==== Exercise data ====
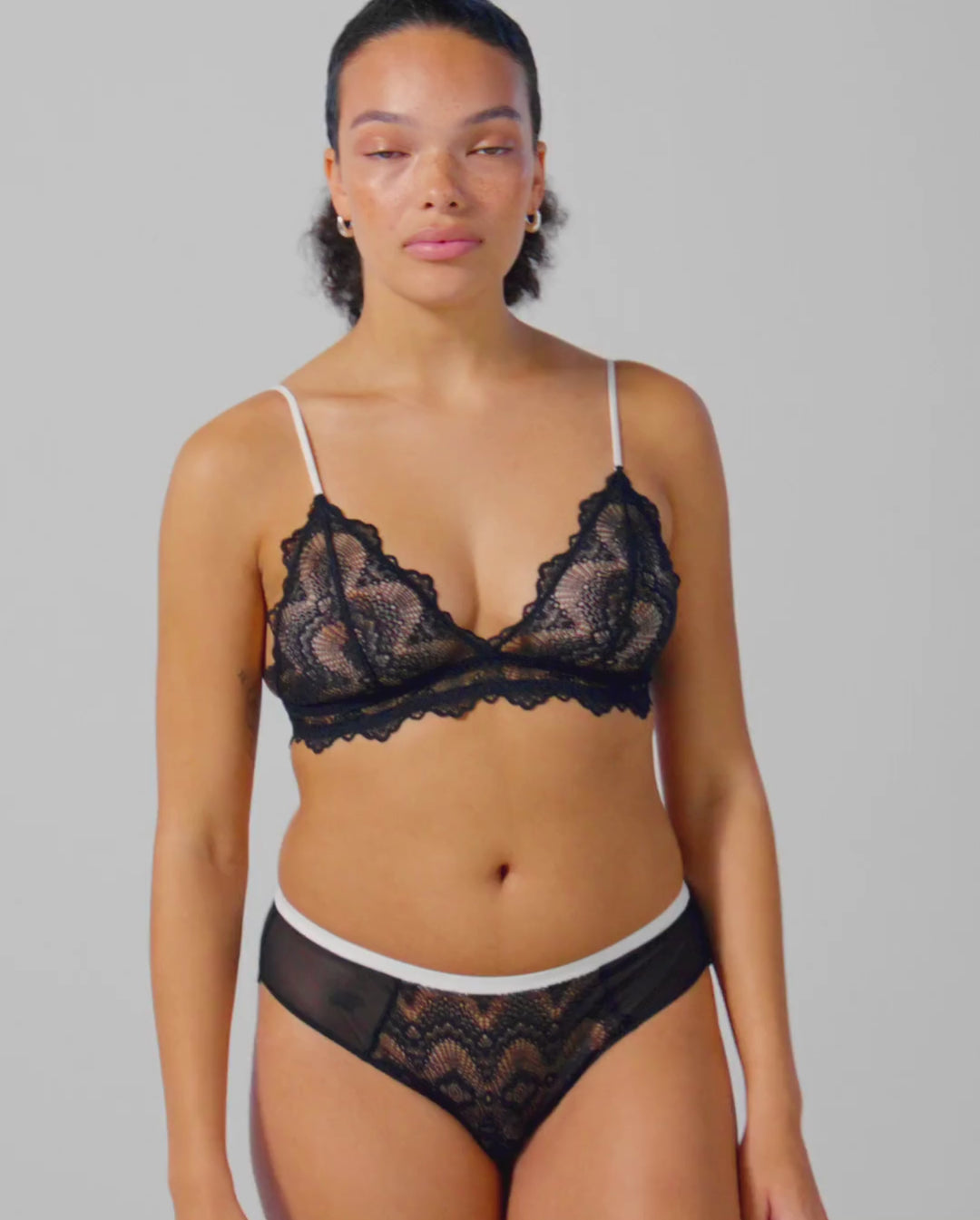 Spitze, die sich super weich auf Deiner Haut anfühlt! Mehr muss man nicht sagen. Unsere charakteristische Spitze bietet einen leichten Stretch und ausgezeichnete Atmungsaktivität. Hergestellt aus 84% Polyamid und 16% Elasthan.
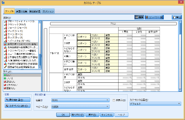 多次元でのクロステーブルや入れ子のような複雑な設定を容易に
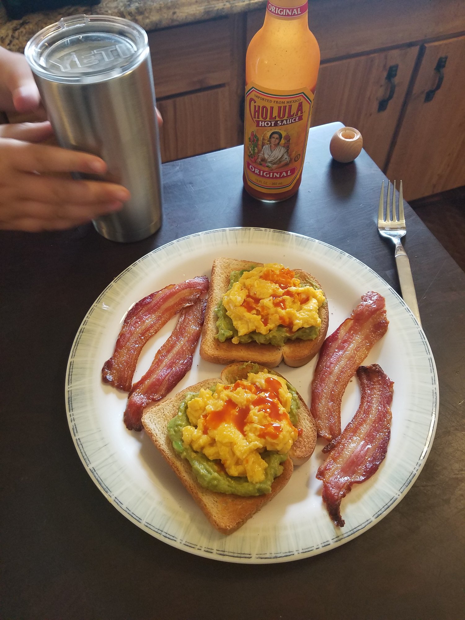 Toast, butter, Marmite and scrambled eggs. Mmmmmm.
====
==== Exercise data ====
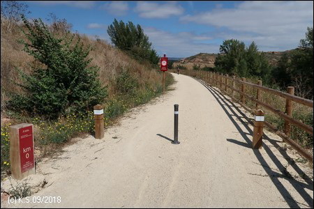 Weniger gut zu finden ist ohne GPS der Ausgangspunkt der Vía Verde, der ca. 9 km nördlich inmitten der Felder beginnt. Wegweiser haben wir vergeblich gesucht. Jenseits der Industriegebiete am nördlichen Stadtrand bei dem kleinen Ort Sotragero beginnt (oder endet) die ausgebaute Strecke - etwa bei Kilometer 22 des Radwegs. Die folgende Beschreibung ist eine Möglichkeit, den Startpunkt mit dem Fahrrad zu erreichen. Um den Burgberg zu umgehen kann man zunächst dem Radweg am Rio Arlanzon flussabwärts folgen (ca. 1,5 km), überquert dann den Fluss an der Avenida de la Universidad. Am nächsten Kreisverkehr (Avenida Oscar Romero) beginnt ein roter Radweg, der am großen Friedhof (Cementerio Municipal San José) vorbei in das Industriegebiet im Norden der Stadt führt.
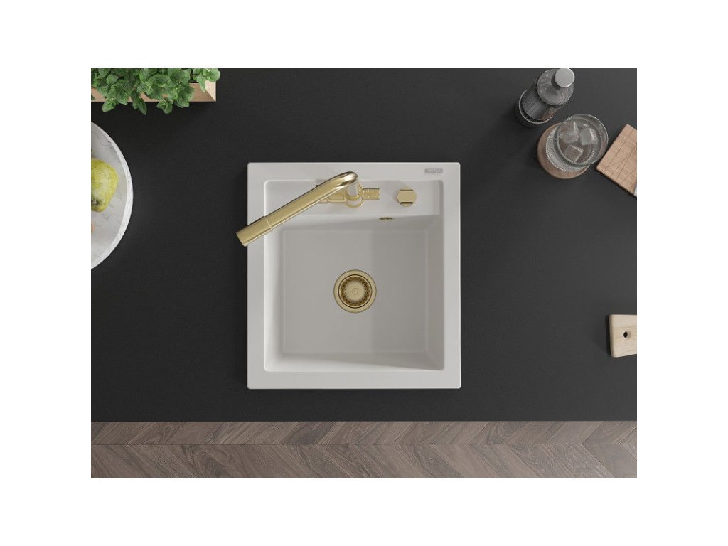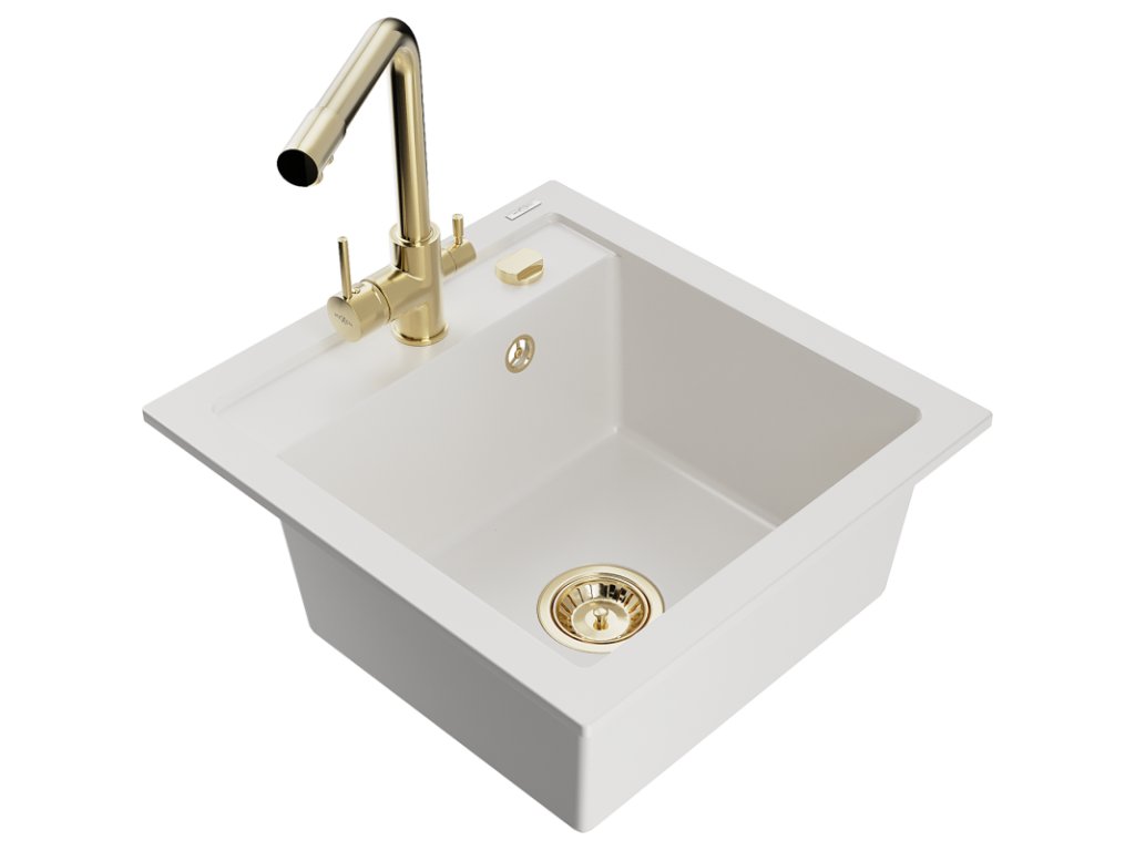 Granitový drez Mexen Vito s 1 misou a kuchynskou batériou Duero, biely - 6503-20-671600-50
====
==== Exercise data ====
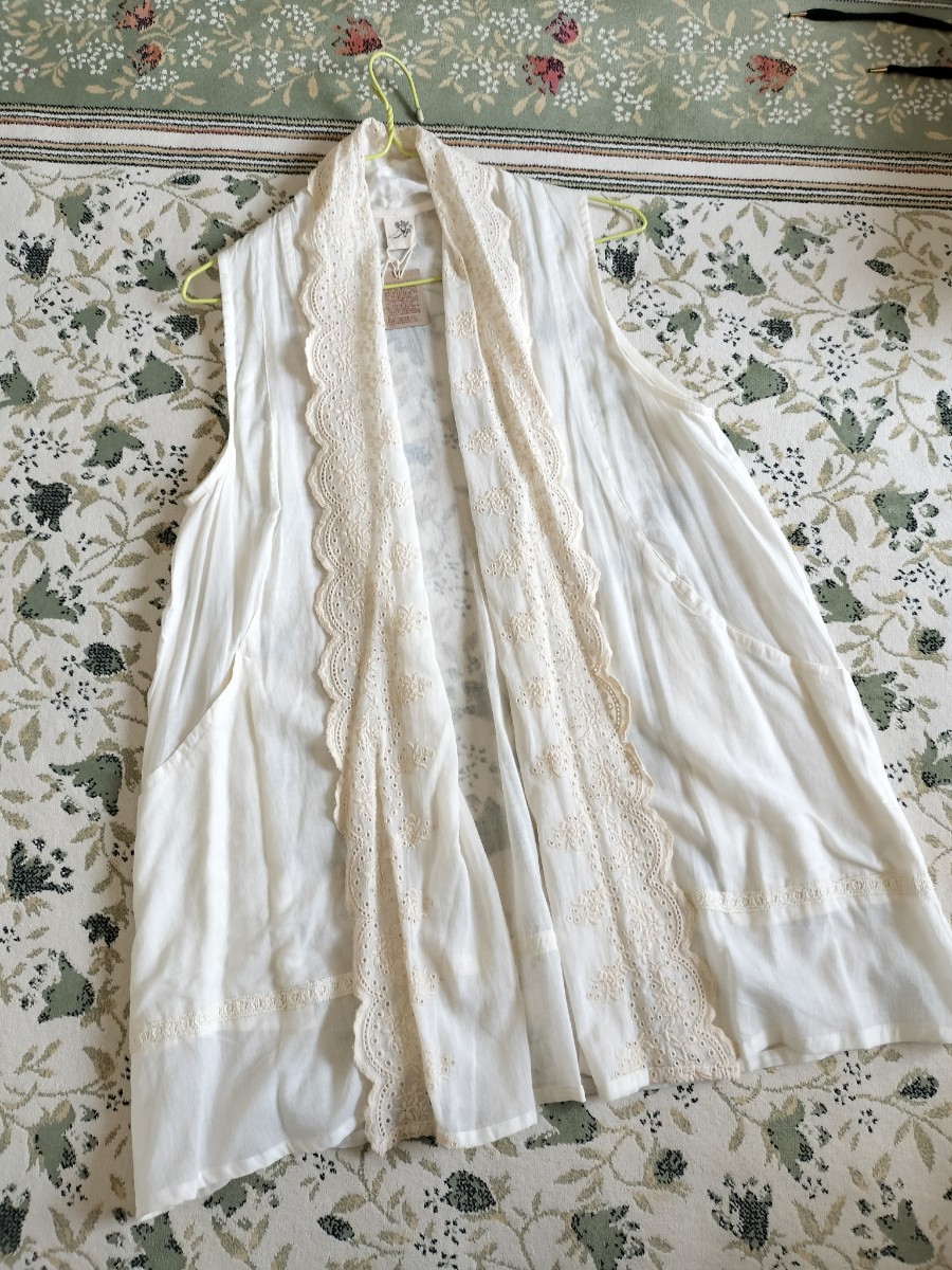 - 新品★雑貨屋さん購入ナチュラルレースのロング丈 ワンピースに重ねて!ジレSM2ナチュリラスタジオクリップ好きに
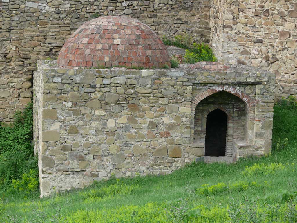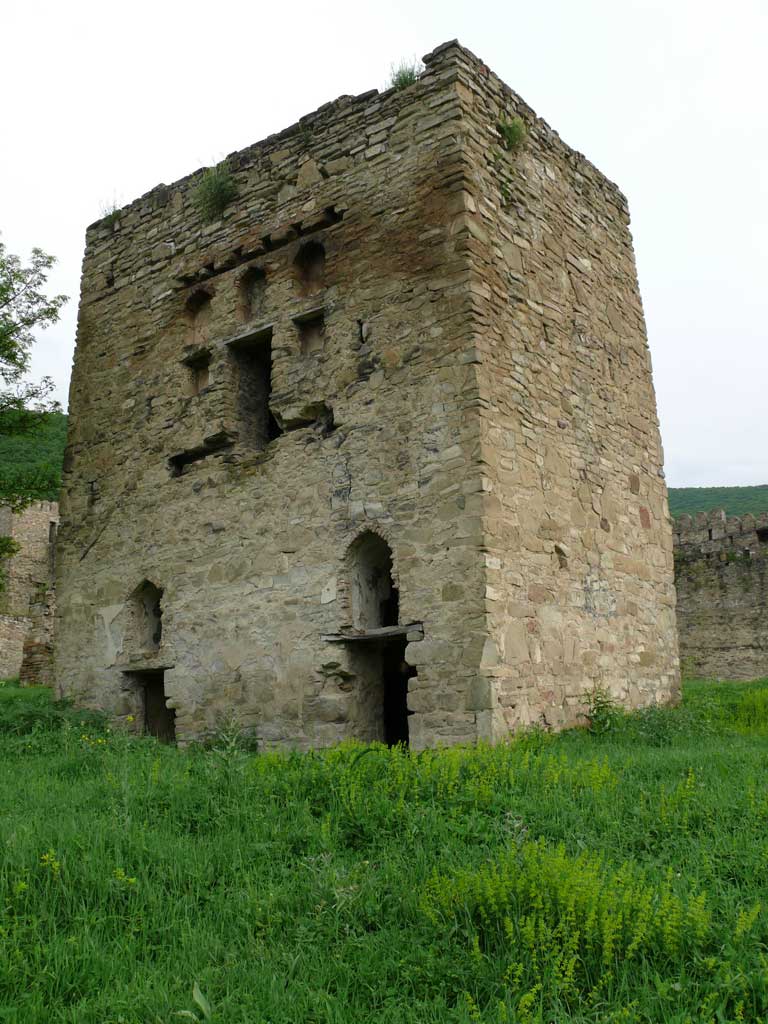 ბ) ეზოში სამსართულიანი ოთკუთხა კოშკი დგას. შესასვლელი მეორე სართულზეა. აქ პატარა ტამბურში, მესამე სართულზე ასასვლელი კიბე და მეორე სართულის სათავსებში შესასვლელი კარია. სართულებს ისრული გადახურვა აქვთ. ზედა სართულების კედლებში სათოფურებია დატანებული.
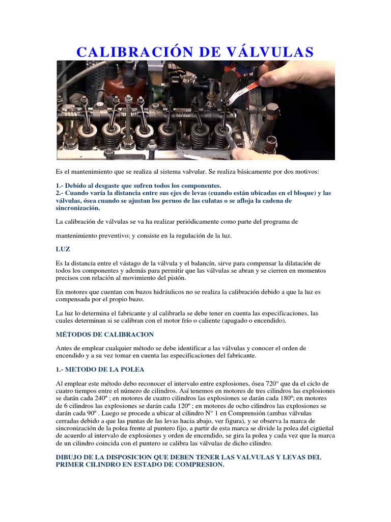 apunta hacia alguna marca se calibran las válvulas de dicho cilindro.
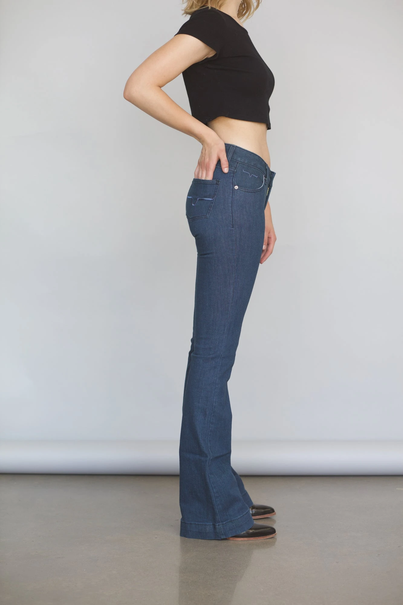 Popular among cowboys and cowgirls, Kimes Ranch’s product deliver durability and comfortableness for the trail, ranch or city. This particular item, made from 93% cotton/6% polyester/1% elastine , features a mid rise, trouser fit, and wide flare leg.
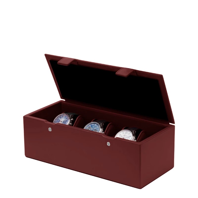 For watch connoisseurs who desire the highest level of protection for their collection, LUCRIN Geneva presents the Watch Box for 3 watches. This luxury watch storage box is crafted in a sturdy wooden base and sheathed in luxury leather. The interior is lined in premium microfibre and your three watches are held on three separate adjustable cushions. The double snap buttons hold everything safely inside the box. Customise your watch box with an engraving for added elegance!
====
§ **Aim of the exercise**
Set the pictures aside and transcribe exactly the stretch of lines above, beginning with the one holding "Spitze, die sich" and ending with the one holding "Toast, butter, Marmite".

§ **Final answer**
 Spitze, die sich super weich auf Deiner Haut anfühlt! Mehr muss man nicht sagen. Unsere charakteristische Spitze bietet einen leichten Stretch und ausgezeichnete Atmungsaktivität. Hergestellt aus 84% Polyamid und 16% Elasthan.
 多次元でのクロステーブルや入れ子のような複雑な設定を容易に
 Toast, butter, Marmite and scrambled eggs. Mmmmmm.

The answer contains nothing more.